Obviously, when I say, "Regular," none of us should hold our breaths waiting for the next instalment because, once I've done this post, apathy'll probably seize me and the feature will no doubt never be heard of again.
Anyway, inspired by conversation on
Back in the Bronze Age, I've been rewatching the classic 1958 BBC serial
Quatermass and the Pit - that dread reminder of why messing about with shovels can only ever lead to horror. By eerie coincidence, the night after I watched the final episode, the Horror Channel then showed the 1967 Hammer movie remake, giving me a chance to make a direct comparison in a way I'd never done before.
It's always been the thing amongst the wise and informed to say the TV version's massively superior to the film version but, as someone who saw the movie first, I've always had strong resistance to such a notion and see both incarnations as equal but different. Being a serial, the TV show has time to explore its characters, ideas and setting in more depth, especially with its backdrop of Notting Hill style race riots, references to which, I think, are totally absent from the movie. But the film gains by being quicker and more sharply focused, cutting out all of the padding that was logistically necessary in the TV show.

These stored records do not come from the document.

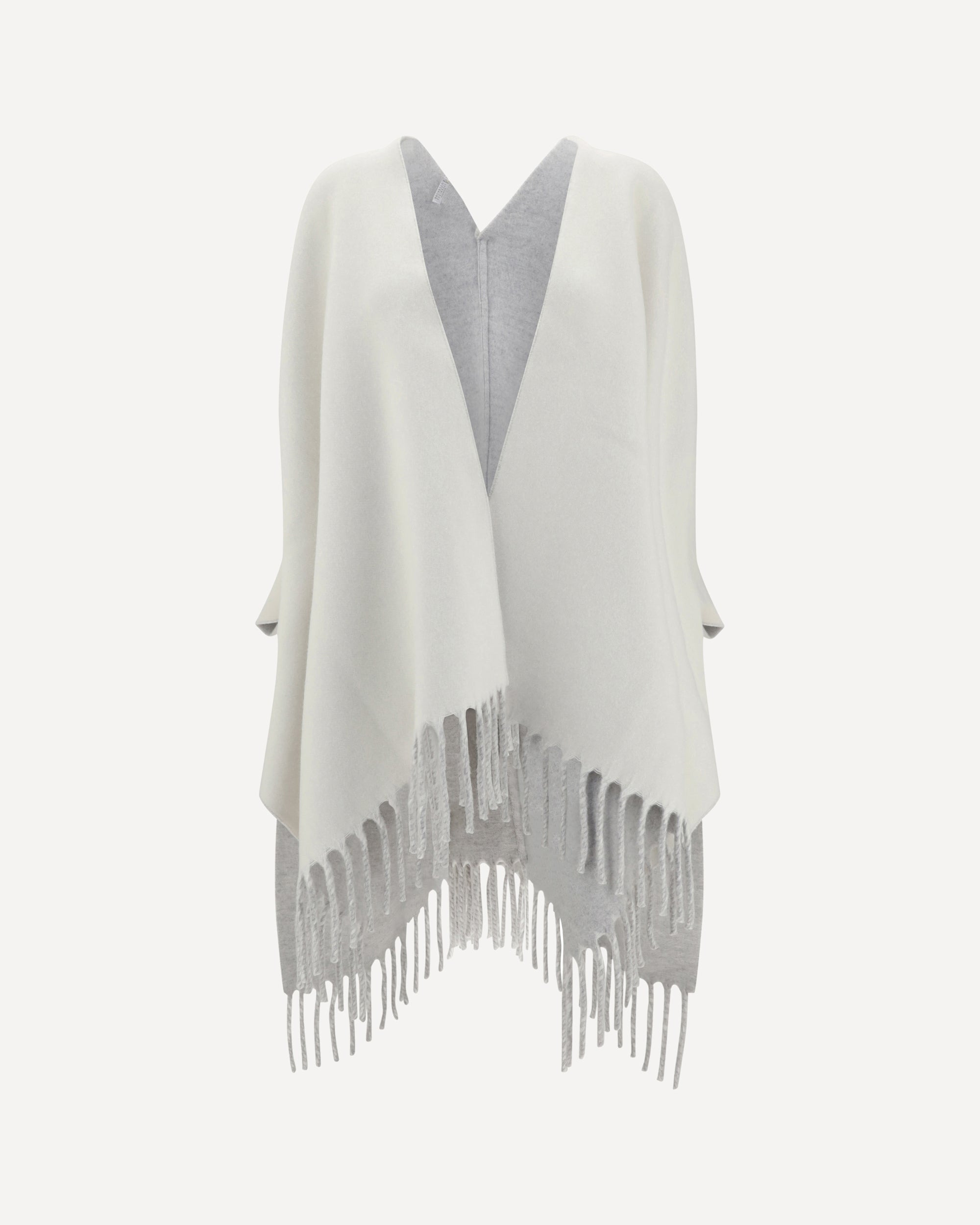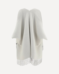 Brunello Cucinelli's wool and cashmere Poncho is a luxurious and refined garment, featuring a monochrome cape design that gives a sleek, modern look. The shawl lapels add a sophisticated touch, while the frayed hemline lends a distinctive style element. The oversized fit ensures comfort and freedom of movement, making it ideal for a casual-chic look, perfect for colder seasons. DETAILS - Sku: MSCDAGP42_CMG80 - Season: AW25 - Fit: Oversize - Composition: GENERAL 60% Wool 40% Kashmir/capra Hircus - MADE IN ITALY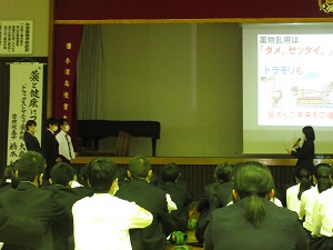 最後に生徒を代表し、保健委員長・武井さんが「薬物は本当に怖いものだと改めて感じた。『1回だけ』『少しだけ』という軽い気持ちではなく、自分の行動が正しいかしっかりと考えて行動するようにしたい。また食事をきちんと摂り、健康に過ごせるようにしていきたい。」とお礼の言葉を述べました。
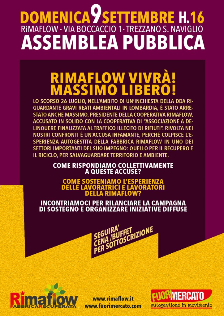 Vi invitiamo sabato 9 settembre all’assemblea pubblica presso Rimaflow, dove si portanno avere tutte le informazioni in merito e chiarimenti riguardo la vicenda in corso.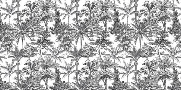 Gezeichnete tropische Bäume in schwarz und weiß mit u.a. Palmen und Bananenbäumen.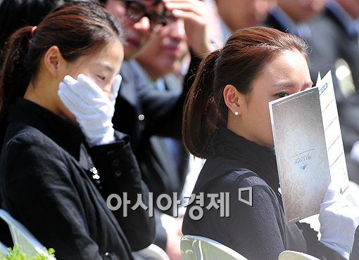 [아시아경제신문 광주(경기)=이기범 기자]4일 오후 경기도 광주시 오포읍 분당 스카이캐슬추모공원에서 故 장진영의 유골함이 안치되기 전 진행된 추모식에서 배우 한지혜와 김아중이 고인의 생전 영상이 담긴 화면을 보고 있다.
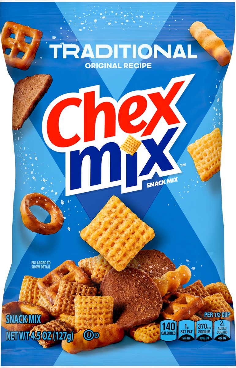 Why settle for a boring snack, with every bite the same? Chex Mix Traditional is a savory mix of Chex cereal pieces, pretzels, mini breadsticks and crispy crackers seasoned to unique and bold perfecti…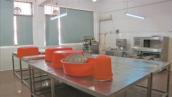 横沥副食厂月饼生产车间已清洁干净,设施设备正进行紫外线消毒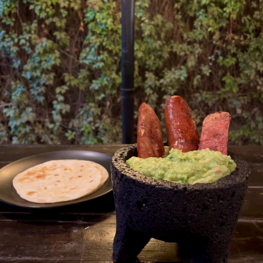 GUACAMOLE Y SALCHICHAS ASADAS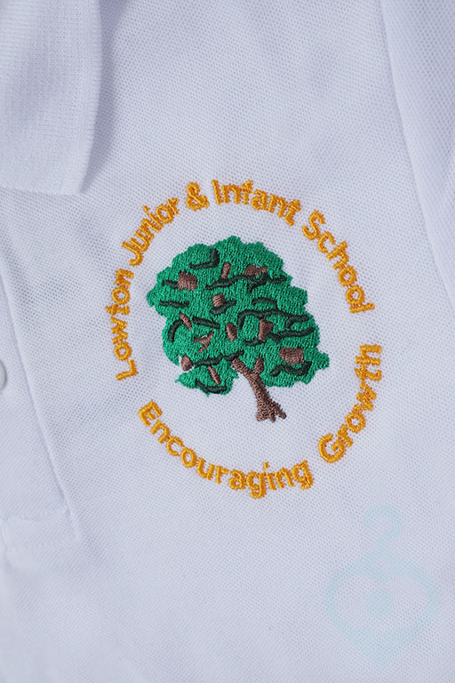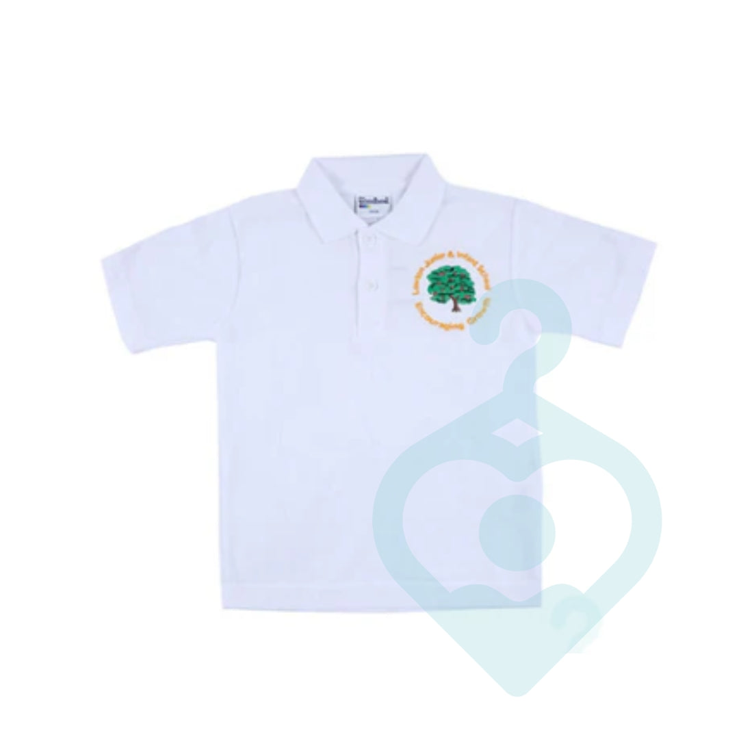 A White Polo Shirt for Lowton Junior and Infants with an embroidered logo.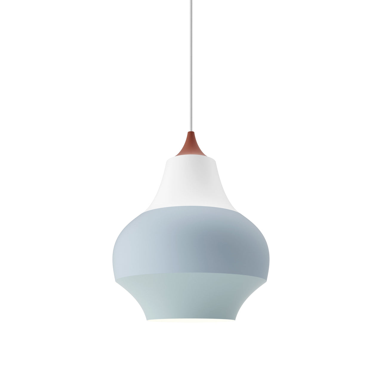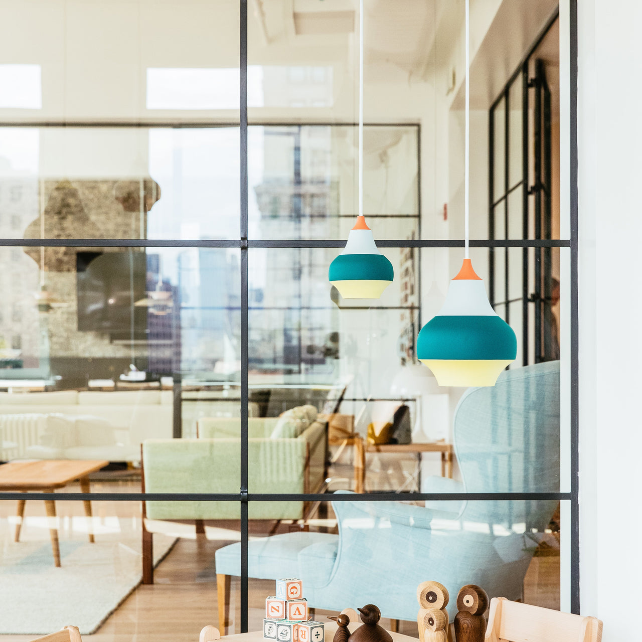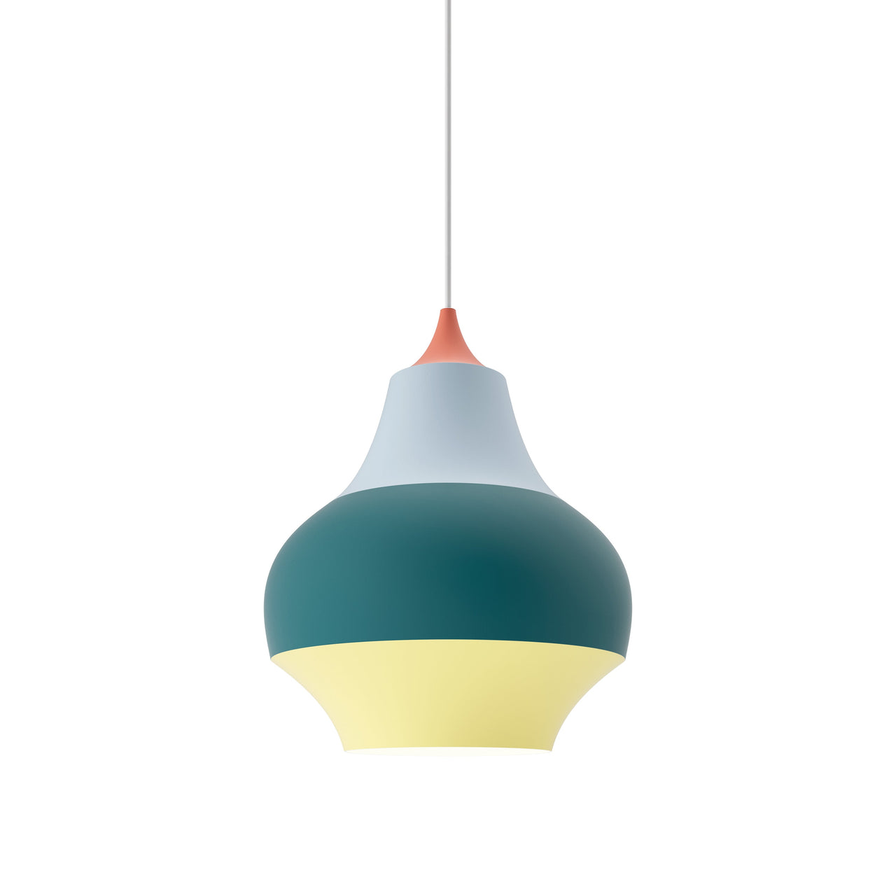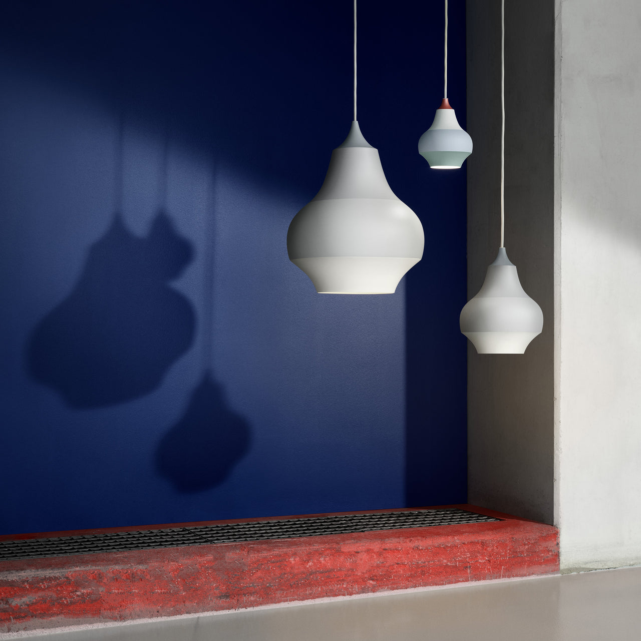 The Cirque Pendant draws inspiration from the lively atmosphere of Copenhagen's Tivoli Gardens. Its playful design reflects the colors and motion of balloons, carousels, and spinning objects. The distinct bands of color create a continuous effect, much like colors in circular motion. The shape of the pendant is reminiscent of the onion-shaped domes found on some of Tivoli's buildings, further enhancing its whimsical character. Available in various color combinations and sizes.
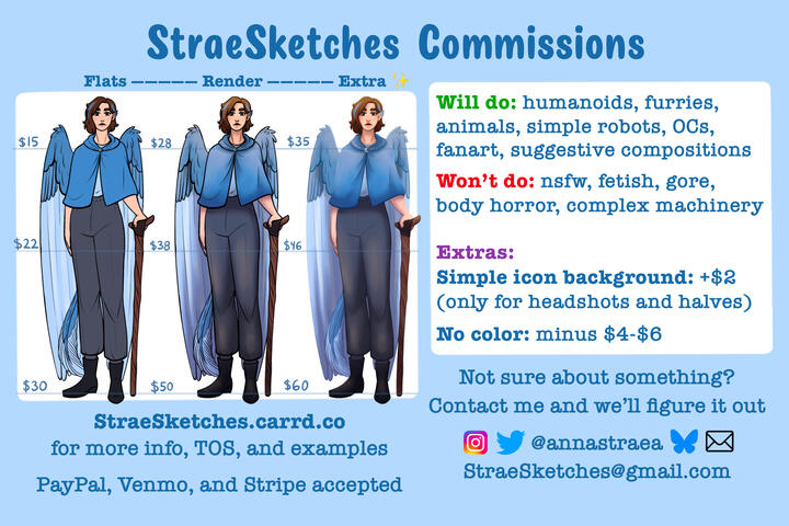 References: I will request reference of the desired character and pose. These can be a stickman drawing, pose refs from the internet or other source, an in-depth description of character appearance, etc. DO NOT send me an "AI" generated image as reference.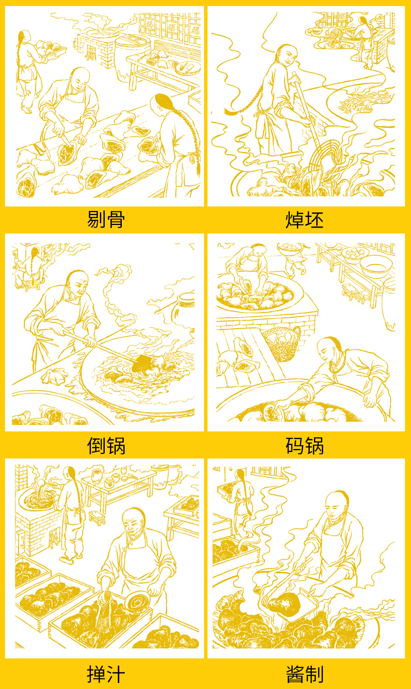 天福號醬肘子制作經過剔骨、焯坯、倒鍋、碼鍋、醬制、撣汁等多道工序,過程煩瑣,僅醬制就需五六個小時,其間尤其講究人工對火候、時間的把握,只有15年以上從業者才能獨立操作。其制作技藝因“選料至精、工序繁瑣、工藝復雜、工具繁多”等特點納入《國家級非物質文化遺產》保護名錄。
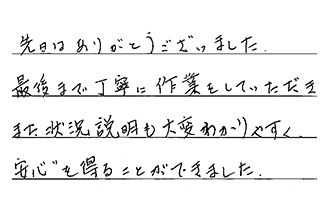 先日はありがとうございました。最後まで丁寧に作業をしていただき、また状況説明も大変わかりやすく、安心を得ることができました。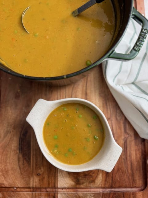If you’re looking for more of a classic split pea soup, this is not your recipe lol. Yes, I’ve done the classic smoky version (using smoked turkey leg to make it kosher!), and it’s a VERY popular recipe here on the blog for years now! But I wanted to lighten it up, and make the texture a little less lumpy and a little more creamy! The result: a creamy base with pops of pea pearls that add the perfect burst of sweetness to every bite!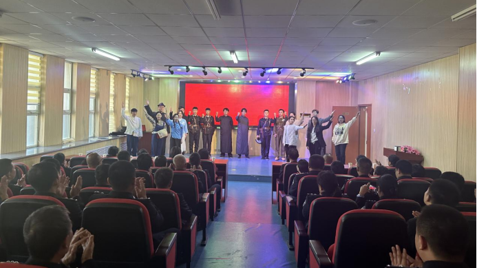 10月30日下午3:00,乌兰察布市公安局一行60多人来PP电子游戏官网现代服务学院观看红色舞台剧《播火者》,参加活动的有市公安局政治部主任冀芳、教育训练中心苏培民、现代服务学院领导班子成员及市公安局60多名党员。

When it comes to casting, it's also a draw. André Morell and Andrew Keir are chalk and cheese, Morell all sophisticated charm, and Keir, a ball of kindly irascibility. You could imagine Keir's hero decking someone with a well-placed right hook. Something you could never imagine Morell doing. Despite the differences between them, both are excellent in the part and, despite delivering exactly the same dialogue in totally different ways, both somehow manage to be perfectly cast.
Likewise Cec Linder and James Donald are both excellent as maverick archaeologist Matthew Roney. The movie's Donald does seem more like an intellectual, while TV's showmanlike Linder feels more like an outsider, a status that becomes crucial as the tale reaches its climax. It also has to be said that Linder really does look like he's stepped straight out of a panel drawn by Steve Ditko.
As Barbara, Roney's assistant, Barbara Shelley is more glamorous and self-possessed than Christine Finn but Finn has a somewhat strange quality to her and she's allowed to develop a friendship with the army captain that's totally missing from the film.
For me, where the film definitely scores over the TV version in terms of casting is that of Colonel Breen. Julian Glover's Breen starts out with some degree of charm, wit and even manners before degenerating into a deranged blockhead, whereas Anthony Bushell's Breen is a deranged blockhead from the very start, making you wonder how he ever got into any kind of position of authority.
Having said that, the TV show possibly gives hints that his behaviour is because (having a militaristic mindset?) he's being influenced by the machine before everyone else, whereas the movie doesn't hint at that, making Breen's refusal to recognise the mountain of evidence piling up in front of him somewhat baffling.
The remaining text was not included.